В классе был один мужчина, у которого недавно жена умерла от рака, и Сара была добра к нему, я это видела. По-видимому, все мы это заметили. Этот мужчина влюбился в одну слушательницу, которая была подругой Сары. Это было прекрасно. Подруга не ответила ему взаимностью, но вела себя с ним порядочно. Было что-то достойное в том, как эта женщина и Сара обращались с мужчиной, который страдал из-за смерти жены. Там также была одна женщина, которая преподавала английский. А еще был канадец с розовыми щеками и очень приятными манерами. Соученики поддразнивали его из-за того, что он такой типично канадский, и он относился к этому с юмором. Была на семинаре и дама-психоаналитик из Калифорнии.

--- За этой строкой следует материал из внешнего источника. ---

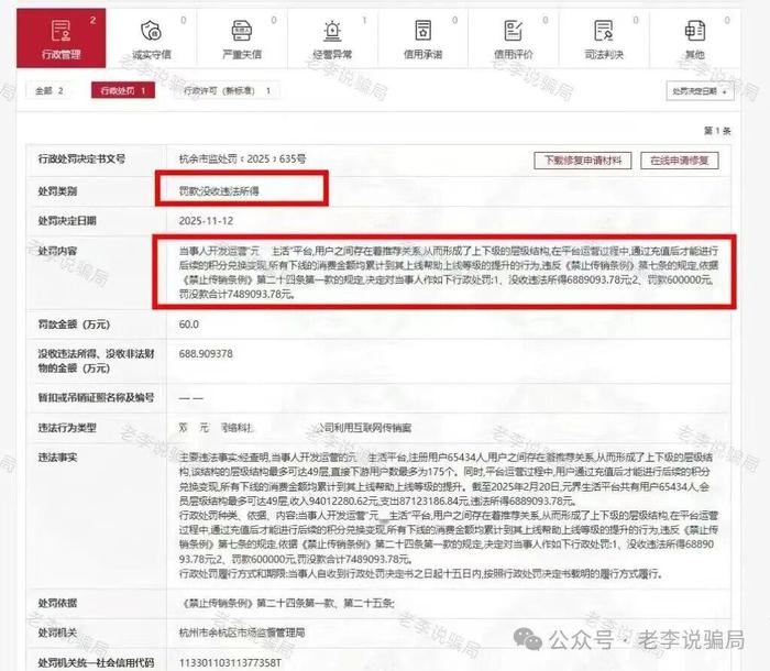 11月12日,杭州市余杭區(qū)市場(chǎng)監(jiān)督管理局經(jīng)調(diào)查發(fā)現(xiàn),該平臺(tái)開發(fā)的“元某生活”APP,用戶之間形成上下層級(jí)關(guān)系多達(dá)49層,充值才能進(jìn)行后續(xù)積分兌換變現(xiàn),所有下線消費(fèi)金額均累計(jì)到其上線幫助上線等級(jí)的提升,違反《禁止傳銷條例》,因此做出罰款沒收違法所得的行政處罰。

И я хочу рассказать здесь о том, что случилось в один прекрасный день. В открытое окно вдруг влетел кот и приземлился прямо на большой стол. Кот был огромный и длинный – настоящий маленький тигр. Я в ужасе подскочила, и Сара тоже. Она была сильно напугана. А кот выбежал из класса через дверь. Дама-психоаналитик из Калифорнии, которая обычно очень мало говорила, обратилась к Саре, и ее голос показался мне каким-то фальшивым:
– Как давно вы страдаете от посттравматического стресса?

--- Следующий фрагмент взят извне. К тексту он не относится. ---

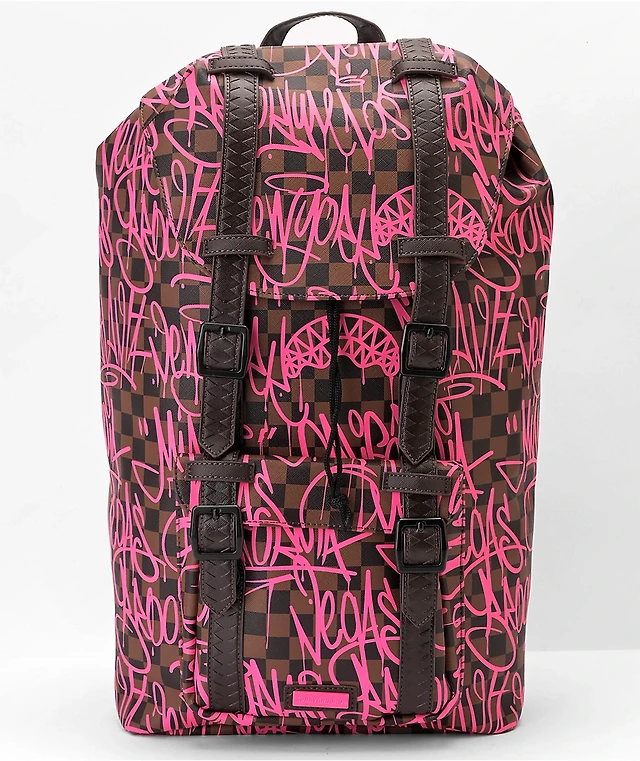 Sprayground Pink Drip DLX Brown Checkered Backpack

Мне запомнилось выражение лица Сары. Она возненавидела эту женщину за ее слова. Да, она ее ненавидела. Последовало долгое молчание, так что люди успели заметить выражение лица Сары. А потом человек, потерявший жену, сказал:
– Ну и здоровенный же был кот!
После этого Сара много рассуждала о людях, которые судят других, и о том, что садиться писать следует с открытой душой.
Нам обещали на семинаре личное собеседование, и я уверена, что Сару измотали эти личные собеседования. Люди стремятся на такие занятия в надежде, что их откроют и опубликуют. Я привезла в «Мастерскую» фрагменты романа, который писала. Но когда у меня было собеседование с Сарой, я принесла вместо этого наброски сценок разговора с моей матерью, приехавшей навестить меня в больнице. Я начала их писать после того, как слушала Сару в библиотеке. Накануне я сунула копию этих набросков в ее почтовый ящик. Главным образом мне запомнилось, что она разговаривала со мной так, будто мы давно знали друг друга – хотя она ни разу не упомянула о нашей встрече в магазине готового платья.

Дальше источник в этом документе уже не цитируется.